Laisser la place à ce genre de pratiques n’est pas sans risques. Risques qui nous concernent tous pourtant peu en sont encore conscients et en ont saisi l’ampleur. En matière de sécurité et de confort par exemple. Les logements Airbnb ne sont pas soumis aux mêmes normes que les chambres d’hôtel, volontairement strictes pour protéger les voyageurs. Un extincteur et une installation électrique aux normes, serait-ce trop demander ? Côté confort, les plaintes des riverains pour nuisances sonores à l’encontre des logements Airbnb vont crescendo. En plus de cela, ces locations sauvages vident nos quartiers de leur population, les appartements étant désormais réservés aux locations de courtes durées. Phénomène qui entraine fatalement une hausse des prix de l’immobilier.

Challenge accepté…

Si nous sommes tous conscients de vivre dans un pays magnifique tant par ses paysages que par son art de vivre, bien peu ont intégré que le tourisme représente 7 % du PIB et 2,2 millions d’emplois directs. Pris au sérieux dans les principales destinations touristiques concurrentes, il faut bien reconnaitre que tel n’est hélas pas encore le cas en France. Pourtant, le tourisme contribue non seulement à l’économie de la France, mais aussi à son rayonnement et son attractivité.

Le fait que nos clients se voient offrir une alternative, une chambre ou un appartement chez l’habitant, est un challenge supplémentaire que nous devons relever. Nous y sommes non seulement prêts, mais motivés, car l’idée est bien d’accueillir encore plus de monde. À nous d’arriver à convaincre nos hôtes du bien-fondé et des avantages de nos établissements.

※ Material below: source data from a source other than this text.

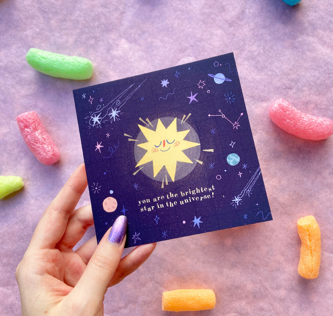 120x120 mm Postkarte mit Soft-Touch-Oberfläche, d.h. sie ist matt, fühlt sich aber samtig an! Die Rückseite ist einfarbig weiß, so dass man frei darauf schreiben kann.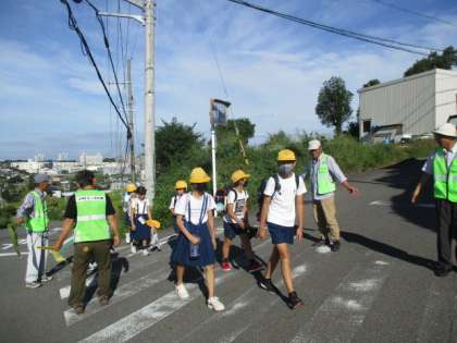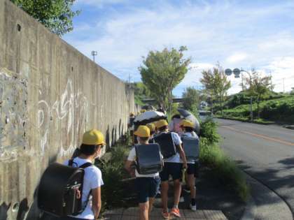 6年生リーダーを中心に集団登校中。みんな元気に登校しています。見守りたいの皆さんも、毎日見守ってくださるので安心です。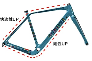 フレーム構造の心臓部は、トップチューブとシートステーをつなぐ金型形状にあり、繊維を途切れなくつなげることで、大幅な軽量化、レイアップの最適化、そして何よりも後輪から入る振動を効率的に発散するために開発されました。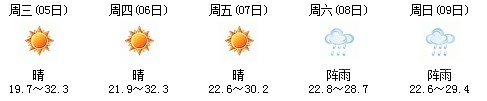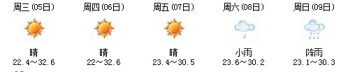 5日白天開始一直到9日,以多云天氣為主,其中7日晚有陣雨,日最高氣溫在30度上下,天氣比較舒適,不會出現高溫天氣,高考和端午節期間天氣還是比較給力: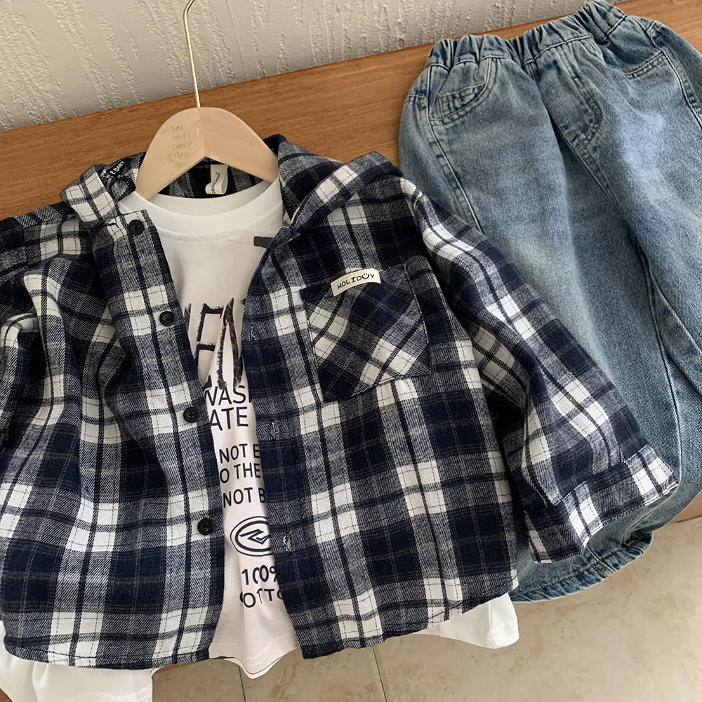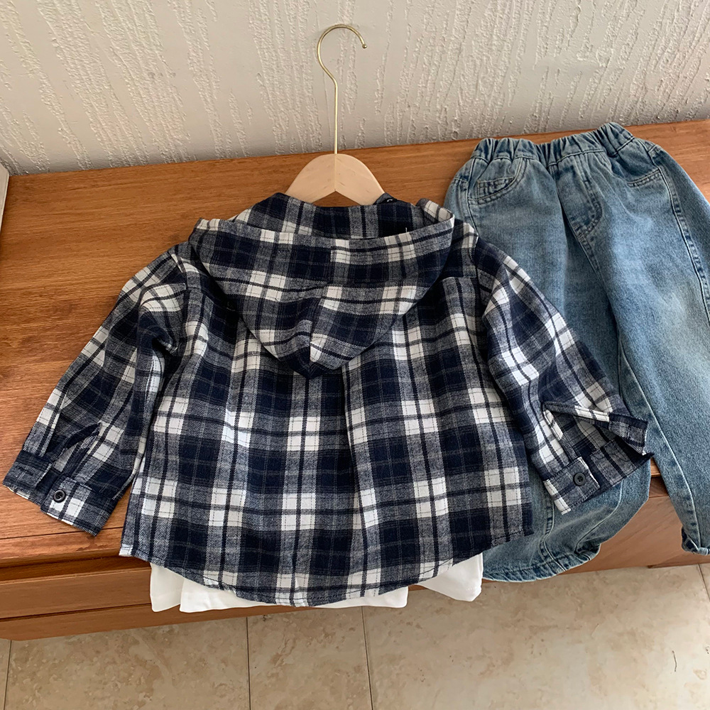 소년 봄, 가을 의류 아동 한국 스타일 유행 격자 무늬 셔츠 디자인 캐주얼 어린이 느슨한 셔츠 후드 자켓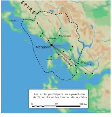 À la différence des autres fondations romaines en Grèce contemporaines de Nicopolis, telles Patras, Philippes, et en Épire même, Buthrote et Dyrrachium, la ville n'est pas — ou du moins pas seulement — une colonie romaine mais une cité libre, la civitas libera Nicopolitana, autrement dit une polis (une cité grecque)[5], libre et autonome, liée à Rome par un traité (foedus) : sa création procède du synœcisme des cités voisines d'Épire et d'Étolie-Acarnanie, dont les populations sont déplacées pour venir peupler, probablement avec des colons et des vétérans de l'armée romaine, la nouvelle ville. L'originalité de l'opération, outre le fait que l'autorité romaine en soit l'instigatrice, tient en la très vaste zone concernée, et au nombre important de cités participantes : les sources mentionnent ainsi Cassopée, Ambracie, Anactorion, Alyxia, Argos Amphilochique, Thyrion, Oinéa, Palairos, Leucade et Calydon d'Étolie[6]. Le territoire (chôra) de Nicopolis s'étend ainsi des rives de l'Achéloos à l'est, à l'île de Leucade comprise, au sud-ouest, du Thyamis au nord, au golfe de Patras au sud, et comprend l'essentiel des régions antiques de Thesprotie, Amphilochie, Dryopis et Acarnanie.
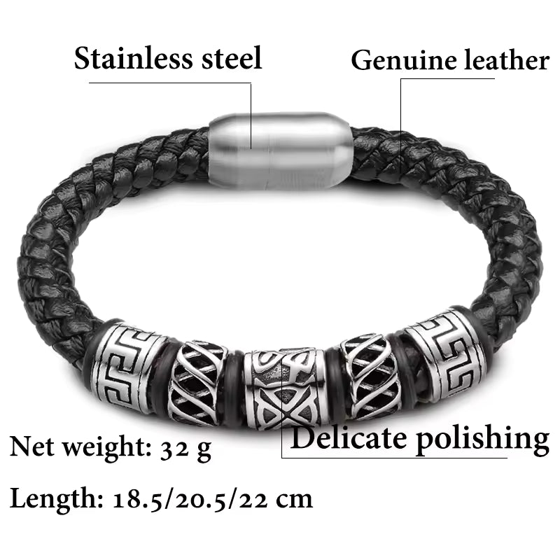 Norse Braided Leather Viking Bracelet - Men's Stainless Steel Rune Jewelry
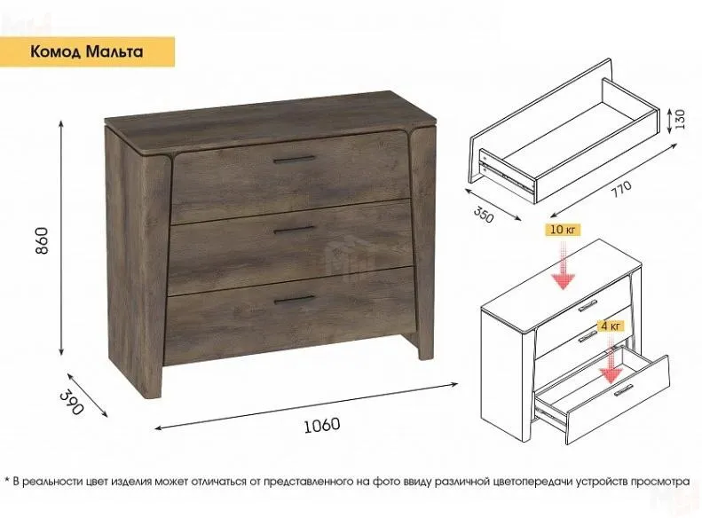 Максимальная нагрузка на выдвижной ящик: 4 кг.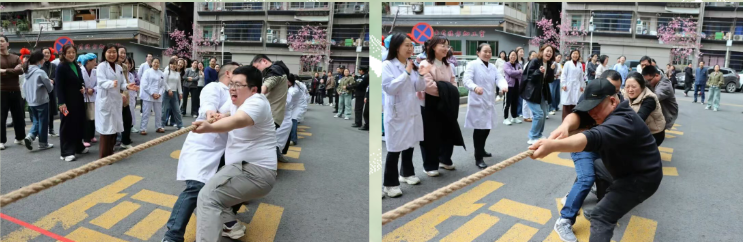 3月6日下午,达川区中医医院的院坝上欢声雷动,热闹非凡。在第116个“三八”国际妇女节到来之际,为丰富职工的精神文化生活,营造团结奋进、和谐温暖的医院文化氛围,工会精心策划并成功举办了一场别开生面的“巾帼趣味运动会”,让全院职工在工作之余,尽情享受运动的乐趣与节日的欢乐。 趣味竞技:赛出别样风采 本次趣味运动会设置了形式多样、妙趣横生的比赛项目,兼顾了趣味性、协作性和安全性。现场瞬间化身为欢乐的海洋: 拔河比赛 一根麻绳连接团结与力量,一声哨响点燃激情与斗志。各代表队队员紧握长绳、步调一致,在力量的博弈中展现出团队的默契与坚韧,最终门急诊医技系统勇夺第一。 盲人敲锣 蒙上双眼,转上三圈,方向感瞬间成为“奢侈品”。选手们小心翼翼,摸索前行,场外伙伴的提示声、欢笑声、助威声此起彼伏,现场充满了紧张又诙谐的气氛。 企鹅漫步 双腿夹球,双臂夹球,变身摇摇摆摆的“小企鹅”,考验的不仅是平衡感,更是“表情管理”。各种憨态可掬的姿态,让大家忍俊不禁,掌声与笑声不断。 颜色大挑战 选手们需快速说出字体颜色,而非文字本身,极度考验反应力与抗干扰能力。一时间,口误频出,引得围观同事捧腹大笑,在速度与准确的激烈交锋中,将现场气氛推向又一个高潮。 套大鹅 经典怀旧游戏“套圈”与可爱玩偶“大鹅”的组合,激发了所有人的童心与斗志。大家摩拳擦掌,各显神通,有的讲究力道角度,有的则靠“天选”运气。 活动中,职工们个个精神抖擞,全力以赴。每一项活动都充满了欢声笑语,每一个参与者的脸上都洋溢着节日的喜悦。大家通过参与各项活动赢取“欢乐兑换券”,并凭券兑换了工会精心准备的各种精美实用物品,收获满满,幸福满满。 衷心祝愿全院女职工及所有女性朋友节日快乐,工作顺利,身体健康,阖家幸福,芳华永驻!

Mais, bien sûr, la concurrence doit être saine : aujourd’hui les plateformes ont réussi, car elles ont foncé tête baissée dans les failles et les flous juridiques, et ce à la célérité du net. Elles mettent à mal le secteur entier alors qu’elles pourraient contribuer grandement, comme nous, à son essor.

Vers un modèle pérenne

La confrontation n’est pas celle de l’ancien et du nouveau, mais plutôt celle de David contre Goliath. La fronde de David étant tenue par les hôteliers et la lance de Goliath par une multinationale de 30 milliards de dollars accompagnée de son puissant bouclier de lobbys.

Le respect des règles et la transparence ne doivent pas effrayer les plateformes. Bien au contraire C’est une condition sine qua non de leur pérennité. Pour se développer durablement, les plateformes, qui génèrent en fait très peu d’emplois, ne doivent pas dévaster un secteur majeur pour la France, mais bien contribuer à son développement. Il semble périlleux d’attendre faillites et licenciements en cascade pour agir, ni d’ailleurs la défiguration des villes. Les habitudes de consommation changent et il n’est pas question de s’y opposer, mais bien d’accompagner ce mouvement avec la passion qui nous anime au quotidien. Mais nous devons le faire à armes égales, base même du libéralisme. Il en va de l’image de la France, de son PIB, et des 2.2 millions d’emplois de son secteur touristique…


Patrick Hayat

Patrick Hayat, 48 ans, est diplômé de l’ESCP et de l’Université de Cornell située dans l’État de New York. Après un parcours chez Unilever et TF1 Publicité,  Patrick Hayat devient consultant dans la commercialisation digitale hôtelière et fonde une structure qui compte aujourd’hui 7 boutiques hôtels à Paris. Il est l’un des membres fondateurs de l’Association pour un hébergement et un tourisme professionnels (Ahtop) et préside le Groupe ESCP Tourisme.